After a solid day yesterday, stocks opened lower this morning, with the S&P 500 (SNPINDEX:^GSPC) and the narrower, price-weighted Dow Jones Industrial Average (DJINDICES:^DJI) down 0.17% and 0.24%, respectively, as of 10 a.m. EST.

The short view
On Jan. 25, when the S&P 500 had just finished capping a seven-day winning streak, I asked whether a secular bull market was underway. Since then, stocks have alternated between winning and losing days every day except for a single two-day losing streak last week -- and that back-and-forth looks set to continue today. Even as the correlation between individual stocks has declined markedly -- last Wednesday, the CBOE S&P 500 Implied Correlation Index with a January 2014 maturity hit its lowest value since its inception in November 2011 -- we appear to be witnessing a resurgence in our old friend "Ro-Ro" -- the risk-on/risk-off dynamic.
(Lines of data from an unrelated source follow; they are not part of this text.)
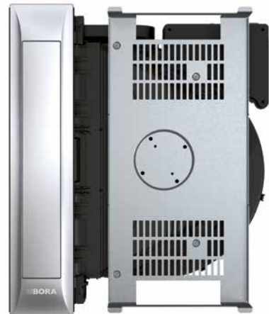
BORA Professional 2.0 (PKAS) Cooktop extractor system
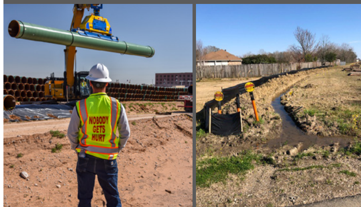
Crews safely work on pipeline construction projects throughout East Baton Rouge.
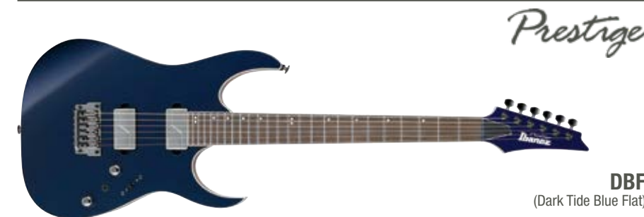
DBF (Dark Tide Blue Flat)
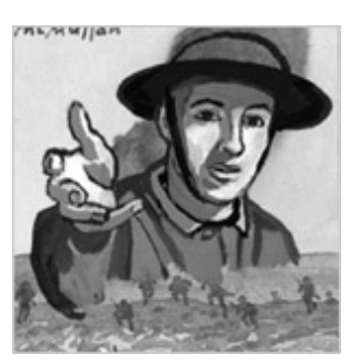
Op-Ed: Over There, and Gone Forever
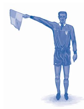
The throw is to the team attacking this way!

Of course, Ro-Ro -- or, more accurately, the risks that drive it -- never really left at all. As the Financial Times' Wolfgang Munchau wrote on Sunday:

A lot of people have become more optimistic about the eurozone, in some cases even euphoric. Hardly a day passes by without someone declaring the end of the crisis. But its two most dangerous aspects are unresolved -- zombie banks and macroeconomic adjustment.

Investors got a taste of that this week as a financial scandal engulfed the ruling party in Spain, roiling the Spanish stock market and pushing Spanish government bond yields to a six-week high. This was almost certainly a major contributing factor in Monday's U.S. stock market losses: The S&P 500's 1.2% decline was the largest since November.

Let's not forget that we have our own home-grown Ro-Ro drivers, too. For example, although it has not made the headlines in a couple of weeks, the fiscal cliff remains unresolved. These factors will be enough to produce periodic risk-on/risk-off spasms, even as markets normalize and stock pickers begin to reap the rewards -- this is par for the course.